Previous work on nicotinic channels has shown that specific mutations to the M2 transmembrane domain (e.g., εT264P) or the linker region between the M2 and M3 domains (e.g., αS269I) enhance open probability (Po) of channels exposed to nicotinic agonists. The increase in the Po is mediated by an increase in the channel opening rate constant and/or a decrease in the channel closing rate constant (Chen and Auerbach, 1998; Zhou et al., 1999). These two mutations were useful in further studying physostigmine-elicited activation of the nicotinic receptor for two reasons. First, we could test whether the mutations similarly affect channel activation by physostigmine. Similarities in the effects of the mutations on channel activation by ACh and physostigmine would be an indication that channel gating proceeds similarly in the presence of these two classes of agonists. Second, prolonged open events and, consequently, higher open probability may allow isolation of channel activity originating from a single ion channel, i.e., clusters of activity. This would allow us to attempt to associate the channel closed time components with specific components of receptor activation, and give insight into physostigmine binding and gating properties.

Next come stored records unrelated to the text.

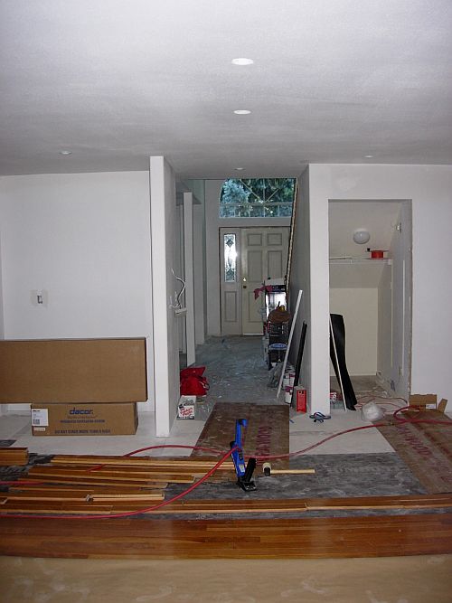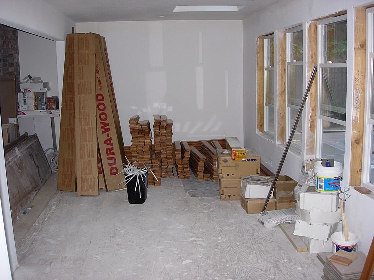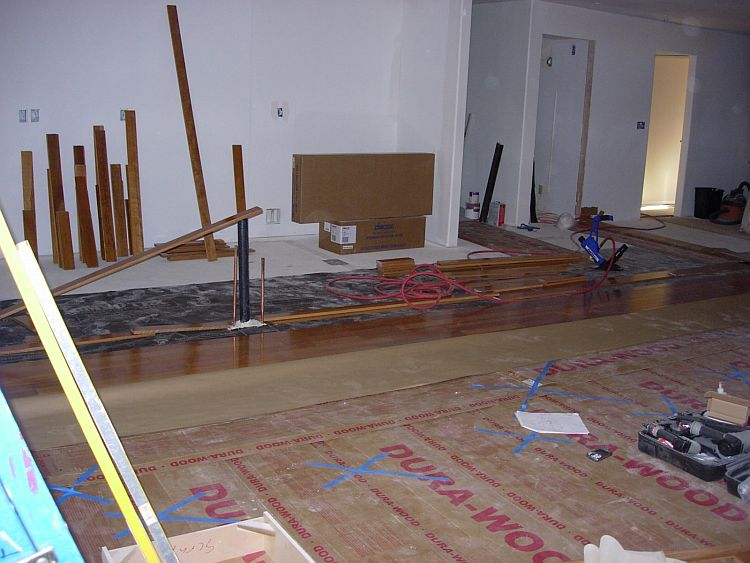 See that is really our news of the day, “we” are ready to start the cabinets. NOW we have some progress!! We started laying the hardwood last Sat (with the help of Doug). It is very tricky to get started. Especially when someone (that would be me) wants to do a framed tiled inlay and has a flushmount register 2 inches away from that. But none the less, we made great progress and I have been chipping away (not literally) at it Mon and Tuesday while Troy was at work.
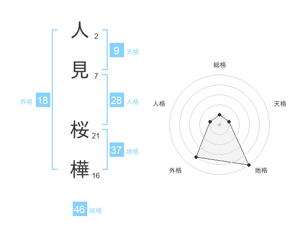 人見 桜樺さんの地格は37画の5点!
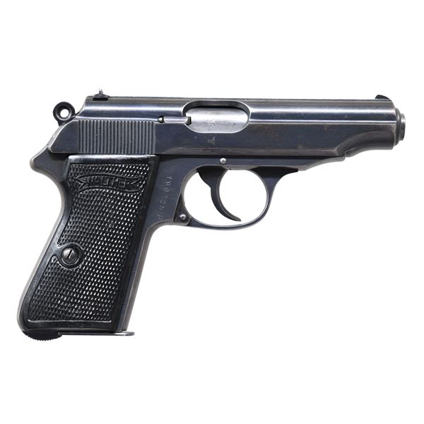 9MM KURZ SEMI-AUTOMATIC PISTOL WITH HEEL MAGAZINE RELEASE & HOLSTER. Cal. 9mm Kurz. S# 199725P. Bbl. 3 7/8". 1 of only approx. 1,500 9mm Kurz Model PP semi-automatic pistols mfg. by Walther for the German army during World War II. According to Rankin, these pistols were serialized within a 5,000 S# block, with Jan C. Still indicating that an estimated 1,500 were procured for the army from 1940-1945. The left side of the slide is marked with the Walther banner logo, followed by Walther's mfg. information, as well as the model and cal. designations. Left side of the frame and slide exhibit an Eagle/WaA359 acceptance proof. Right side of slide and bbl. exhibit a German Eagle/N commercial nitro proof. Metal components exhibit a blue finish overall, save for on the chamber, which is polished in-the-white. Frame is mounted with 2-piece Walther banner checkered black synthetic grips. Slide features a grooved rib, with a fixed blade front sight and dovetailed U-notch rear sight. Frame features a heel mag. release. Interior of slide is matching to the frame via the 3-digits of the S# "725", which are inscribed on the left slide wall, parallel to the ejection port. MAGS: 2 blued 7-rd. 1 mag. is blank, with the other marked with the Walther banner logo above "Cal. 9 m/m" on the left side. Unmarked mag. has been modified at one time, with a small half-circle cut made on the forward right edge of the body, a circular incision made on the left and right sides of the body, and with the right incision having been filled in. UNATTACHED ACCESSORIES: brown leather holster marked "hsy" on the rear of the belt loop. CONDITION: metal components retain the majority of their original factory blue finish, exhibiting some areas of light to mild wear and thinning, as well as scattered spots of light surface oxidation and pitting overall. Grip straps exhibit mild to moderate wear and thinning that shows through to a gray patina. Mirror bore, exhibiting a few scattered spots of light to mild pitting, while retaining well defined rifling throughout. Safety lever decocker functions appropriately when cycled by hand. Grips are very good, showing some smoothing, as well as a few superficial marks from handling and storage. Holster remains malleable, exhibiting some wear and some scattered marks from handling and storage. (24-6811/MLW). CURIO. $2,000-3,000.
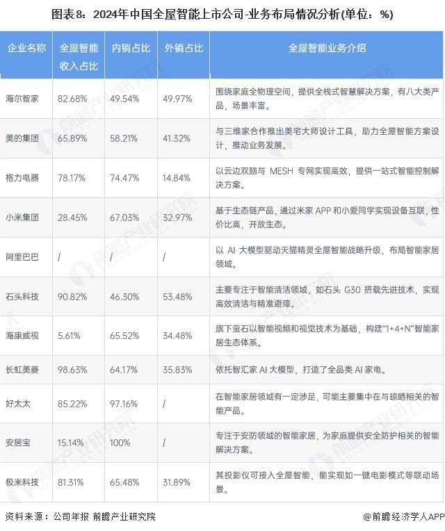 从全屋智能行业上市公司境内外业务布局对比来看,多家企业在全屋智能领域各有布局,业务方向呈现差异化特征。海尔智家提供全栈式智慧解决方案,场景与产品体系丰富;美的集团通过合作设计工具推动方案落地;格力电器以特定架构实现一站式智能控制。小米集团依托生态链打造高性价比开放生态,阿里则以AI大模型升级全屋智能战略。石头科技聚焦智能清洁领域深耕技术,海康威视旗下萤石凭借视频技术构建生态体系。长虹美菱基于AI大模型布局全品类智能家电,好太太侧重晾晒相关智能产品,安居宝专注家庭安防解决方案,极米科技以投影仪为核心实现全屋智能场景联动。各企业根据自身优势,在细分领域或整体生态构建上持续发力,形成多元竞争格局。
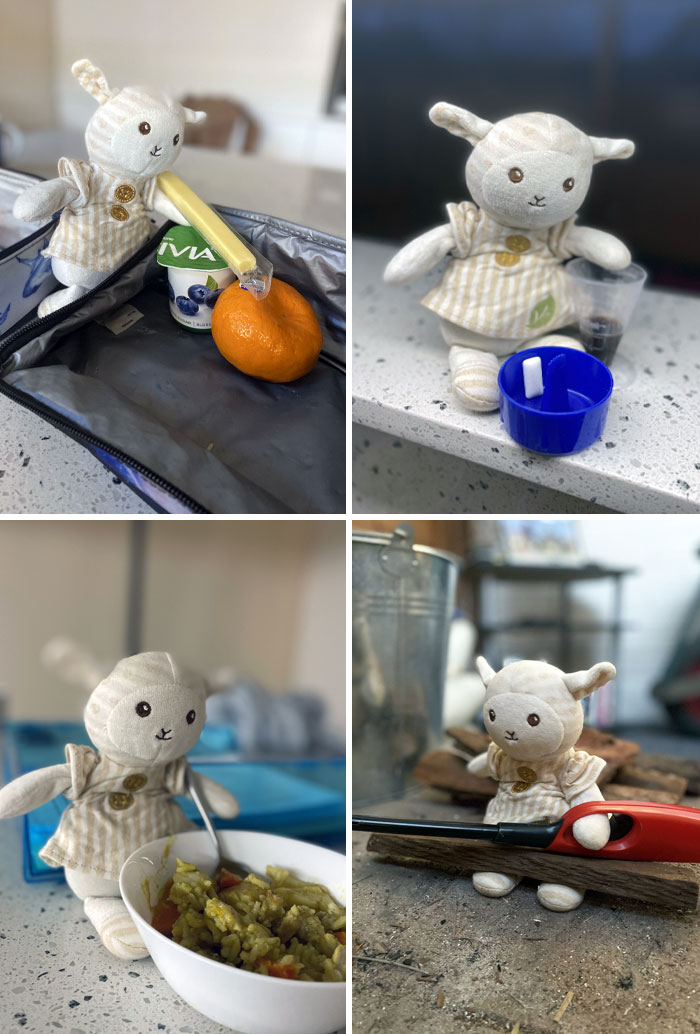 #43 My Daughter Forgot Her Favorite Toy In The Car And Was Extremely Upset. I Sent Her Photos To Show Her That Sheepy Was Alright And Helping Me At Work

The activation of the αS269I mutant receptor was studied in the presence of 1 to 100 μM physostigmine (Figure 3). Two classes of open events were observed with the mutant receptor. In the presence of 1 μM physostigmine, OT1 had a mean duration of 0.17 ± 0.03 ms (4 patches) forming 75 ± 11 % of all open events. The mean duration of OT2 at 1 μM physostigmine was 2.3 ± 0.6 ms. Similar to what we saw with the wild type channel, the lifetime of OT2 was reduced at higher physostigmine concentrations. In the presence of 10 μM physostigmine, the mean duration of OT2 was 0.9 ± 0.3 ms (4 patches), and when activated by 100 μM physostigmine the channels opened to a single class of open events with the mean duration of 0.14 ± 0.03 ms (5 patches). When compared at a low physostigmine concentration (1 μM), the αS269I mutation prolonged the mean OT2 duration by ∼3-fold. This is similar to the effect observed for channel openings elicited by the nicotinic agonist choline (Zhou et al., 1999).

Figure 3. Activation of the αS269I mutant receptor by physostigmine.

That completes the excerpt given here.